English Statistician Frank Anscombe designed four short datasets with de aim of demonstrating the importance of visualising data and the dangers of reliance on simple summary statistics.
His original paper Graphs in Statistical Analysis can be retrieved from JSTOR website.
Sir Francis Anscombe
As with all classic data sets, the quartet is included in the R datasets package.
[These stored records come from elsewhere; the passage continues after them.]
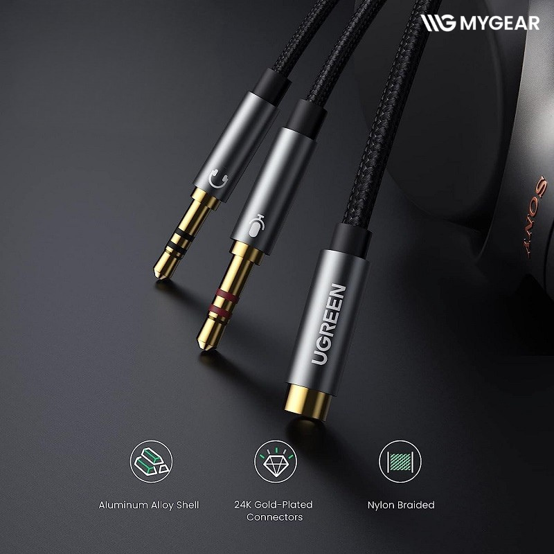 Cáp Audio 3.5mm Ugreen 20899 1 Mic 1 Loa mạ vàng là phụ kiện âm thanh nhỏ gọn nhưng cực kỳ cần thiết cho người dùng laptop và PC sử dụng tai nghe chuẩn 3.5mm tích hợp mic. Với khả năng chia một jack 3.5mm âm thành hai đầu 3.5mm riêng biệt cho mic và audio, dây audio 3.5mm Ugreen giúp giải quyết triệt để tình trạng laptop có cổng mic và loa tách rời.
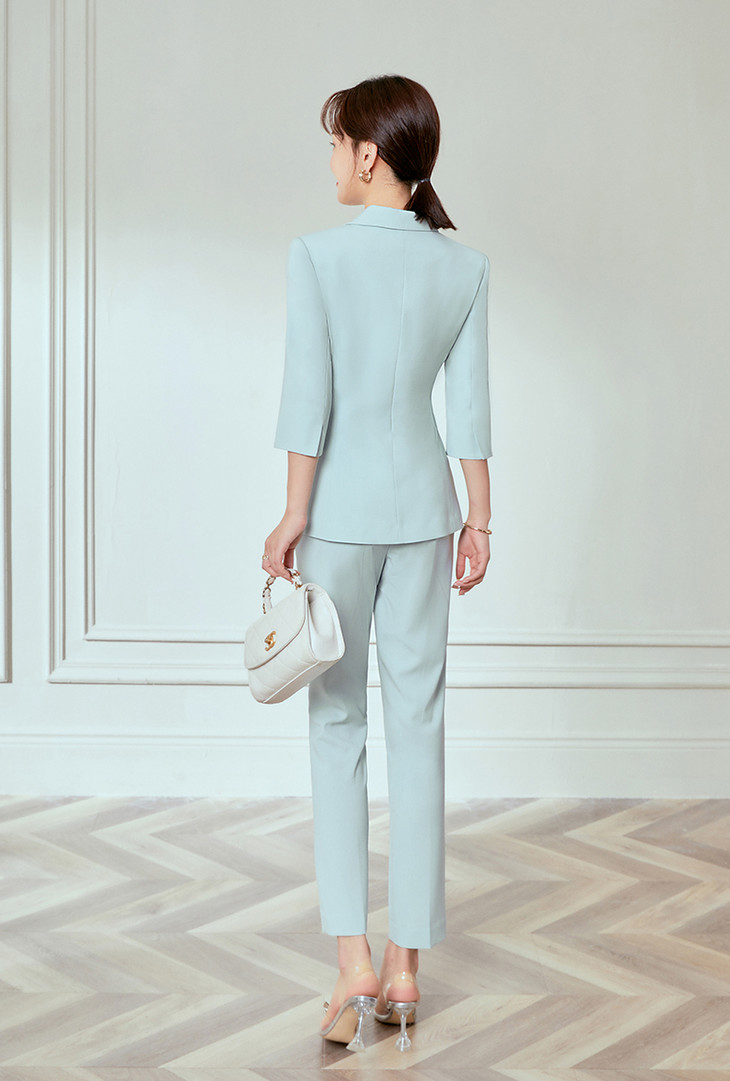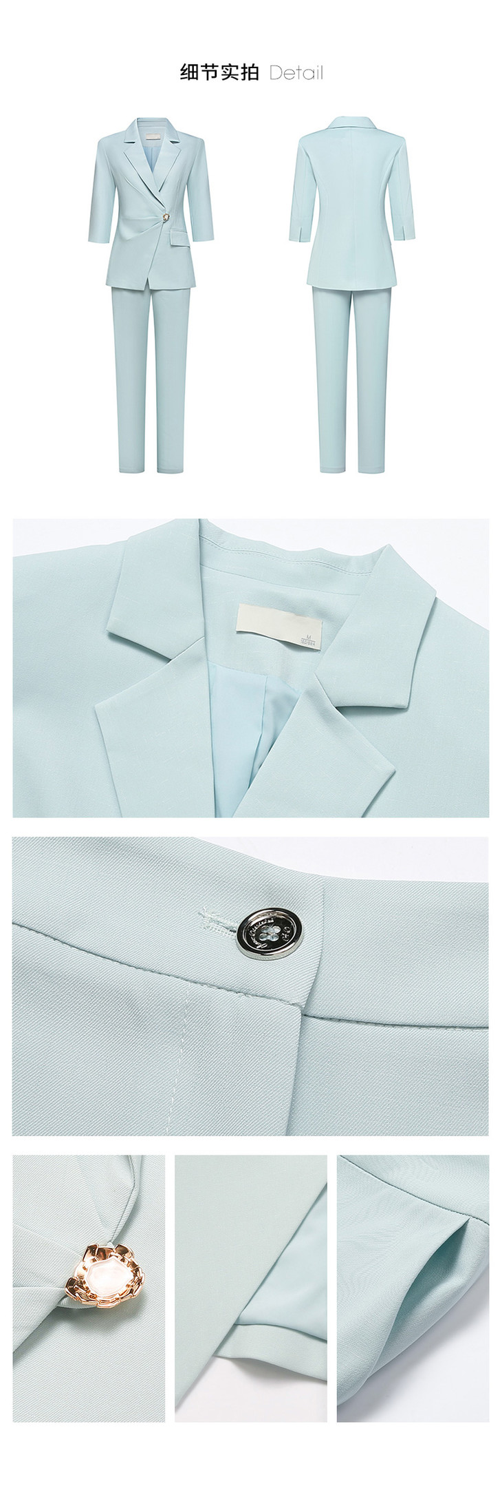 腰间褶皱设计,使整体具有层次感一粒扣收腰
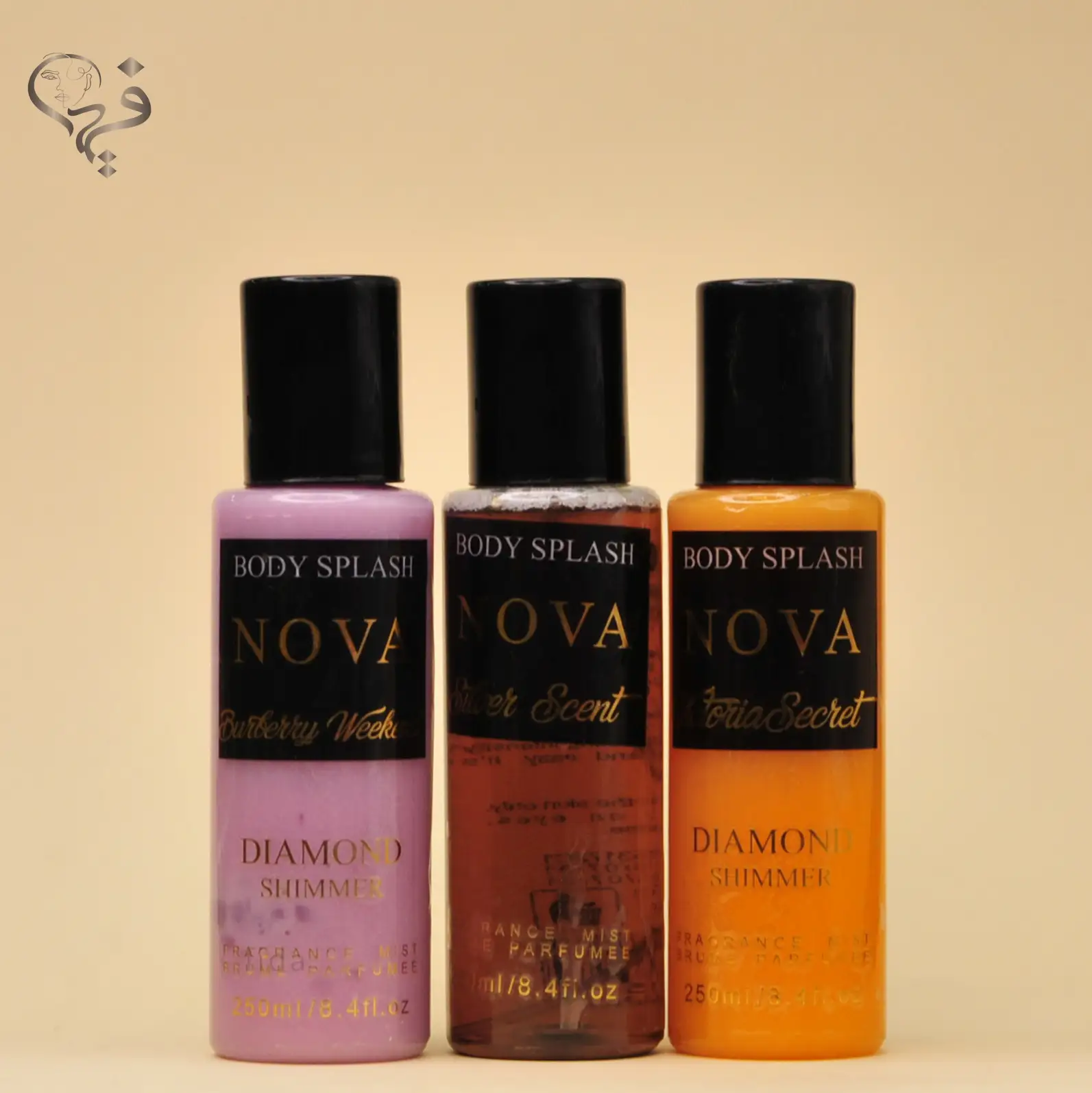 بطری بادی اسپلش شاین دار نوا بسیار شیک، جذاب و مدرن طراحی شده است. بستهبندی شفاف آن به شما اجازه میدهد مایع درخشان داخل بطری را ببینید که همین موضوع جذابیت محصول را دوچندان میکند. افکتهای شاین طلایی یا نقرهای داخل مایع، هنگام تکان دادن بطری برق خاصی ایجاد میکنند که یادآور حس لوکس بودن است. اسپری پمپ آن نیز بسیار نرم و روان عمل میکند و مایع را بهطور یکنواخت روی پوست یا مو پخش میکند.
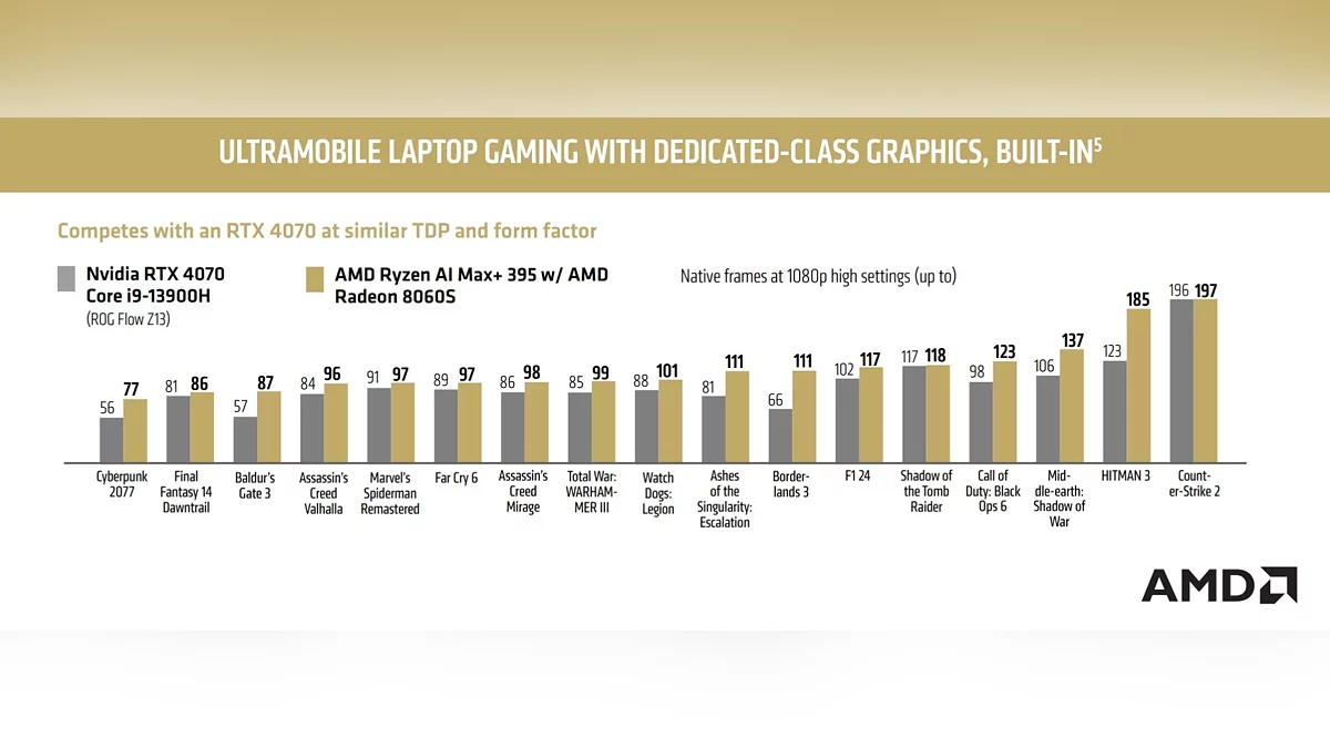 Наибольший отрыв наблюдался в таких тайтлах, как Borderlands 3 и Baldur's Gate 3. AMD подчеркнула, что её «встройка» превосходит соперника по производительности даже без использования технологий вроде апскейлинга. Появление Strix Halo может существенно изменить рынок ноутбуков, предлагая уникальное сочетание мощности и энергоэффективности. Однако подробности о доступности и стоимости остаются неизвестными.
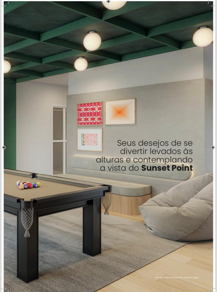 Portaria24h, Hall social, Piscina Adulto e Infantil, Churrasqueira, Churrasqueira festas, Playground, Salão de festas, Gourmet, Brinquedoteca, Fitness, Coworking, Lavanderia, Espaço Yoga, Espaço Pilates, Beauty Care, Espaço Massagem, Sauna, Pet Place, Pet Care, Bicicletário, Delivery, Mini mercado, Lounge Bar, Pub, Sunset Point Espaço Jogos.
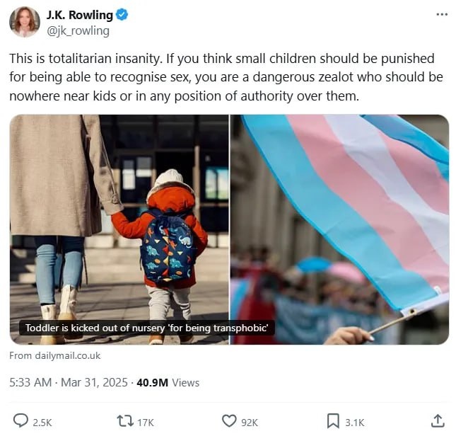 В Великобритании ребенка выгнали из детского сада «за трансфобию» Инцидент произошел еще в 2022/23 учебном году, но СМИ стало известно об этом только сейчас. Согласно статистике, в том же году 94 детсадовца и школьника также были отстранены от занятий или навсегда исключены за трансфобию или гомофобию. Свое мнение о ситуации выразила автор книг о Гарри Поттере Джоан Роулинг. Ранее писательницу обвиняли в нападках на трансгендеров* и ЛГБТ-сообщество. «Это тоталитарное безумие. Если вы считаете, что маленьких детей следует наказывать за то, что они не могут распознать пол, то вы опасный фанатик, которому не место рядом с детьми или в любой должности, дающей им власть», — написала Роулинг. * Движение ЛГБТ признано экстремистским и запрещено в России. 👍 БайБайден. Подписаться

First, load required libraries and data, and visualize them:
data(anscombe)
anscombe
## x1 x2 x3 x4 y1 y2 y3 y4
## 1 10 10 10 8 8.04 9.14 7.46 6.58
## 2 8 8 8 8 6.95 8.14 6.77 5.76
## 3 13 13 13 8 7.58 8.74 12.74 7.71
## 4 9 9 9 8 8.81 8.77 7.11 8.84
## 5 11 11 11 8 8.33 9.26 7.81 8.47
## 6 14 14 14 8 9.96 8.10 8.84 7.04
## 7 6 6 6 8 7.24 6.13 6.08 5.25
## 8 4 4 4 19 4.26 3.10 5.39 12.50
## 9 12 12 12 8 10.84 9.13 8.15 5.56
## 10 7 7 7 8 4.82 7.26 6.42 7.91
## 11 5 5 5 8 5.68 4.74 5.73 6.89
attach(anscombe)
Much better presentation of the Quartet by means of
gridExtra package:
The summary of the four data sets show the similarities between such data sets in terms of the mean, which expression is shown below:
\[\LARGE A={\frac {1}{n}}\sum _{i=1}^{n}a_{i}={\frac {a_{1}+a_{2}+\cdots +a_{n}}{n}} \]
summary(anscombe)
## x1 x2 x3 x4
## Min. : 4.0 Min. : 4.0 Min. : 4.0 Min. : 8
## 1st Qu.: 6.5 1st Qu.: 6.5 1st Qu.: 6.5 1st Qu.: 8
## Median : 9.0 Median : 9.0 Median : 9.0 Median : 8
## Mean : 9.0 Mean : 9.0 Mean : 9.0 Mean : 9
## 3rd Qu.:11.5 3rd Qu.:11.5 3rd Qu.:11.5 3rd Qu.: 8
## Max. :14.0 Max. :14.0 Max. :14.0 Max. :19
## y1 y2 y3
## Min. : 4.260 Min. :3.100 Min. : 5.39
## 1st Qu.: 6.315 1st Qu.:6.695 1st Qu.: 6.25
## Median : 7.580 Median :8.140 Median : 7.11
## Mean : 7.501 Mean :7.501 Mean : 7.50
## 3rd Qu.: 8.570 3rd Qu.:8.950 3rd Qu.: 7.98
## Max. :10.840 Max. :9.260 Max. :12.74
## y4
## Min. : 5.250
## 1st Qu.: 6.170
## Median : 7.040
## Mean : 7.501
## 3rd Qu.: 8.190
## Max. :12.500
It is also easy to see the similarities in terms of the variance, correlation coefficient and linear regression:
# correlation
sapply(1:4, function(x) cor(anscombe[, x], anscombe[, x+4]))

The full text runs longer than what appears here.